We note that under section 201(ff)(3)(B) of the Act [21 U.S.C. § 321 (ff)(3)(B)], dietary supplements cannot contain an article that is approved as a new drug under section 505, which was not marketed as a dietary supplement or food prior to FDA approval of such drug. FDA approved Pregnyl, which contains HCG as the active ingredient, as a new drug on October 20, 1976. To FDA's knowledge there is no evidence that HCG was marketed as a dietary supplement or food prior to FDA approval of Pregnyl. As such, a product containing HCG could not be a dietary supplement.
In addition, we have the following comment: Your firm’s website, www.hcgcompletediet.com, makes use of the FDA logo. The FDA logo is for the official use of FDA and not for the use of the private sector. To the public, such use would send a message that FDA favors or endorses an organization, its activities, its products, its services, and/or its personnel which it does not and cannot do. Misuse of the FDA logo may violate federal law and subject those responsible to civil and/or criminal liability.
Within fifteen working days of receipt of this letter, please notify this office in writing of the specific steps that you have taken to correct violations. Include an explanation of each step being taken to prevent the recurrence of violations, as well as copies of related documentation. If you cannot complete corrective action within fifteen working days, state the reason for the delay and the time within which you will complete the corrections. Furthermore, please advise this office of what actions you will take to address product that you have already distributed.
Your reply should be directed to the attention of Ms. Nancy Schmidt, Compliance Officer, at P.O. Box 25087, Denver, CO 80225-0087. If you have questions regarding any issue in this letter, please contact Ms. Schmidt at (303) 236-3046.

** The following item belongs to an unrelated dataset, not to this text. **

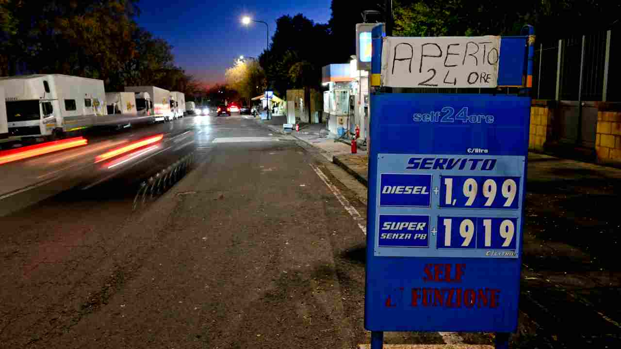 Un distributore di carburanti a Napoli. I prezzi esposti mostrano come un litro di diesel e super tocca quasi la soglia dei 2 euro, Foto Ansa/Ciro Fusco

FTC strongly urges you to review all claims for your products and ensure that those claims are supported by competent and reliable scientific evidence. Violations of the FTC Act may result in legal action seeking a Federal District Court injunction or an Administrative Cease and Desist Order. An order also may require that you pay back money to consumers. Please notify FTC via electronic mail at firstname.lastname@example.org, within fifteen working days of receipt of this letter, of the specific actions you have taken to address FTC's concerns. If you have any questions regarding compliance with the FTC Act, please contact Mr. Richard Cleland at (202) 326-3088.

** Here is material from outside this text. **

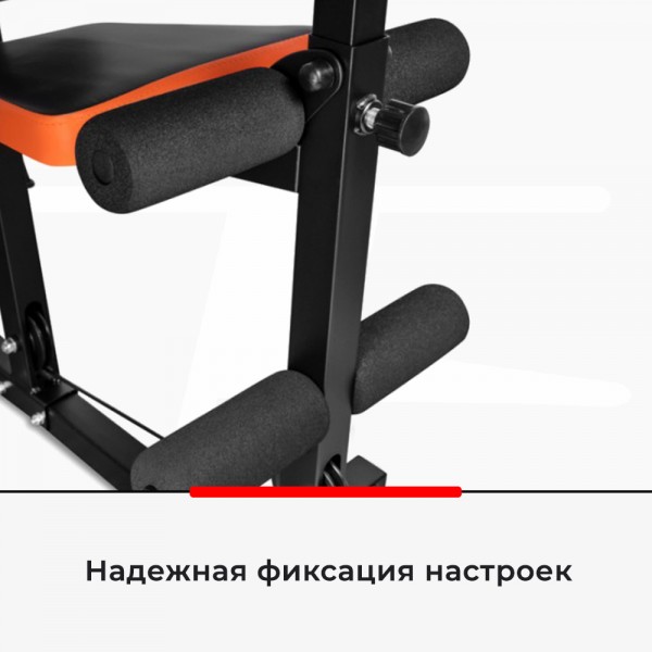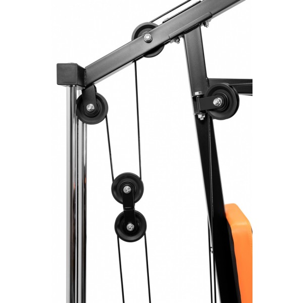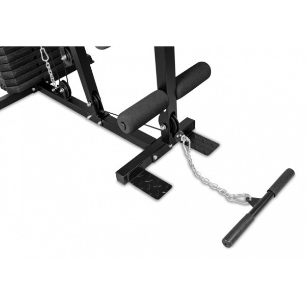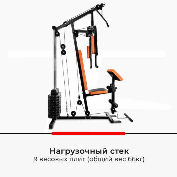 Комплекс позволяет выполнять оба вида тяги, различные жимы, упражнения для спины, ног и пресса. Стек нагрузки имеет защитный кожух и работает с малым шумом.

LaTonya M. Mitchell, District Director
Denver District Office
Food and Drug Administration
Mary K. Engle, Associate Director
Division of Advertising Practices
Federal Trade Commission
Ilisa B.G. Bernstein, Pharm.D., J.D.
Acting Director, Office of Compliance
Center for Drug Evaluation and Research
Food and Drug Administration
Mr. Tom Hall, Registered Agent
4228 W. Mesquite Way
Cedar Hills, UT 84062
55 Merchant Street #621
American Fork, UT 84003
 The Agency’s guidance, “Conditions Under Which Homeopathic Drugs May be Marketed (CPG 7132.15),” states that, in accordance with § 503(b)(1) of the Act, homeopathic drug products offered for conditions that require diagnosis or treatment by a licensed practitioner must bear the prescription legend, "Caution: Federal law prohibits dispensing without prescription.” This guidance was issued by the agency in 1988. In 1997, Congress enacted the Food and Drug Administration Modernization Act (FDAMA); section 126 of FDAMA amended § 503(b)(4) of the Act to require that the label of a prescription drug must bear the symbol “Rx only.”
This page was posted on January 25, 2019.